The basic approach of outlier detection is to consider points distant from other points as outliers. One way of determining the distance of a point to other clusters of points is to explore the distance to its nearest neighbors. For each value of K, the Multivariate k-Nearest Neighbor Outliers utility displays a plot of the Euclidean distance from each point to its Kth nearest neighbor. You specify the largest value of K, denoted as k. Plots are provided for K = 1,2,3,...,k, skipping values by the Fibonacci sequence to avoid displaying too many plots.

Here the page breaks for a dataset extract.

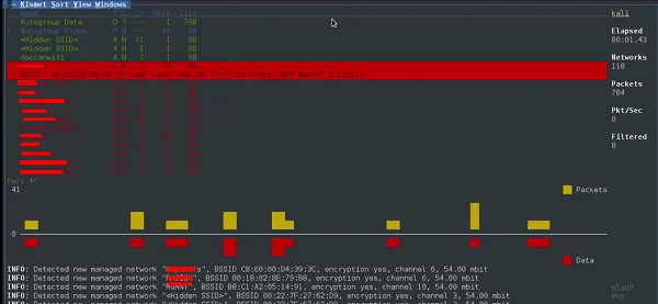 Kismet یک ابزار آنالیز شبکه وایفای است. این ابزار یک دتکتور شبکه وایرلس لایه دو 802.11 است که وظایف شنود و تشخیص نفوذ را نیز انجام میدهد. این ابزار روی هر کارت شبکه بیسیم کار میکند و هر حالت مانیتورینگ خام (rfmon) پشتیبانی کرده و ترافیک 802.11a/b/g/n را شنود میکند. ابزار Kismet با گردآوری بستهها و همچنین شبکههای پنهان، شبکههای مختلف را شناسایی میکند.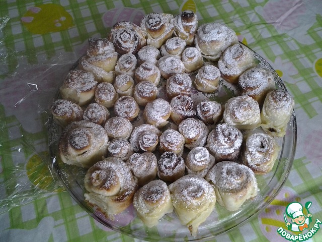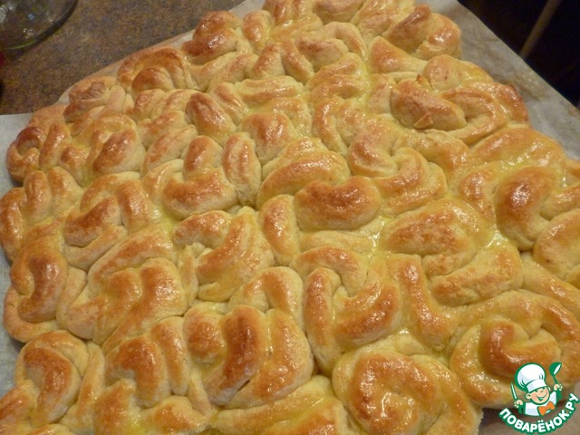 Выкладываем " розочки" на противень застеленный пергаментной бумагой.

This approach is sensitive to the specified value of k. A small value of k can miss identifying points as outliers and a large value of k can falsely classify points as outliers:
•
|
Suppose that the specified k is small, so that you are studying only a few neighbors. If there is a cluster of more than k points that is far from the rest of the points, then the points within the cluster will have small distances to their nearest neighbors. You might be unable to detect the cluster of outliers.
|
•
|
Suppose that the specified k is large, so that you are studying a large number of neighbors. If there are clusters with fewer than k data points, then the points within these clusters can appear to be outliers. You might overlook the fact that the points form a cluster, interpreting the individual cluster members as outliers instead.
|
When you select Multivariate k-Nearest Neighbor Outliers from the list of commands, you are asked to specify the value of k to use as an upper bound for the furthest neighbor to be considered. Notice that the default value is set to 8.

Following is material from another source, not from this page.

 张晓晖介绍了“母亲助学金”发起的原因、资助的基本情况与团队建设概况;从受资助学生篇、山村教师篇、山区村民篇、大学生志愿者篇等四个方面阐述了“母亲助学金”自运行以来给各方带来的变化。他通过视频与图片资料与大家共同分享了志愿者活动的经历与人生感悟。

The report shows plots for select values of K up to the value k. The value of K for each plot is displayed in its vertical axis label. It is of the form Distance to Neighbor K = <a>, where a is an integer denoting the ath closest neighbor. Each plot shows the distance from the point in the ith row to its ath nearest neighbor. The points that have large distances from their neighbors, across multiple values of K, are likely to be outliers.